MSPB cautioned that evidence pertaining to general declines in mail volume and displacement of non-injured workers will likely be immaterial in the absence of a connection between these matters and the availability of the appellant’s former job duties or the duties of the employees who absorbed the appellant’s former tasks.

The board also emphasized that it will not examine whether the agency followed the “pecking order” or minimized “any adverse or disruptive impact” in assigning modified duties as set forth at ELM § 546.142(a). The board reasoned these matters pertain to the circumstances of restoration that were actually accomplished, and are therefore outside the Board’s jurisdiction. The Board clearly stated that it is only concerned with whether the agency actually denied an appellant restoration following partial recovery from a compensable injury and whether that denial was arbitrary and capricious.

Throughout its analysis the Board cited statutory history, emphasizing the rights of partially-recovered and fully-recover recovered employees and underscoring that injured or disabled federal employees — including employees of Postal Service — must be treated in a fair and equitable manner. The Board stated it believed its actions served the individuals the statutes were intended to protect.

Tools Available

Since the onset of NRP, the APWU Human Relations Department has counseled affected members who were unable to hire an attorney to file MSPB appeals as compensationers, making the same arguments as those proven effective in Latham. (A template for filing MSPB appeals has been posted on the APWU department’s National Reassessment Process Web page since 2009.)

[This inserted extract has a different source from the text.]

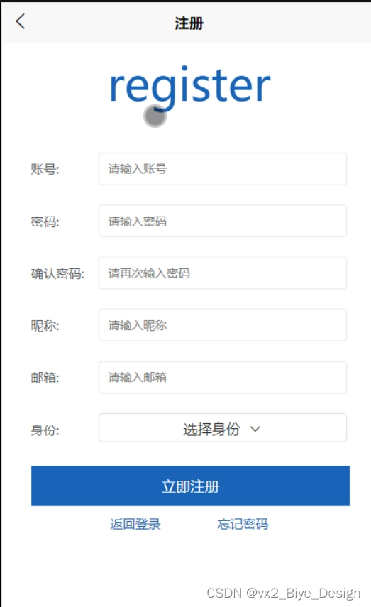 注册,您需要填写您的账户、密码、昵称、手机、邮箱和个人简介等信息,然后点击提交按钮,即可完成注册。请参考图5-2。
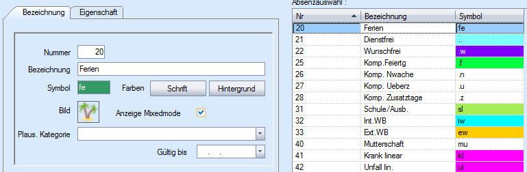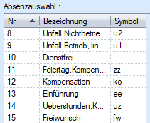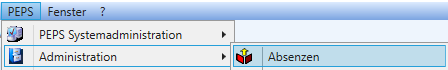 In der Menüleiste unter PEPS / Administration / Absenzen oder Abwesenheiten finden Sie alle Symbole, welche als Absenzen /Abwesenheiten erfasst wurden und für das ganze Haus gültig sind.

The guide does not replace legal advice, Carney said, and she noted that the board often orders the offending agency to pay the legal fees of successful appellants.

“It is important for appellants to understand they have the burden to prove, not just assert, their claims,” she added.

“Although the USPS maintains that it terminated the NRP program, the Postal Service has continued its ill-fated practices,” Carney observed.

“The guide is a practical tool for compensationers whose work hours have since been reduced or eliminated. Appellants may also find the review of precedential and non-precedential MSPB NRP rulings educational.” The decisions can be found by visiting www.mspb.gov and searching keywords: NRP or USPS denial of restoration.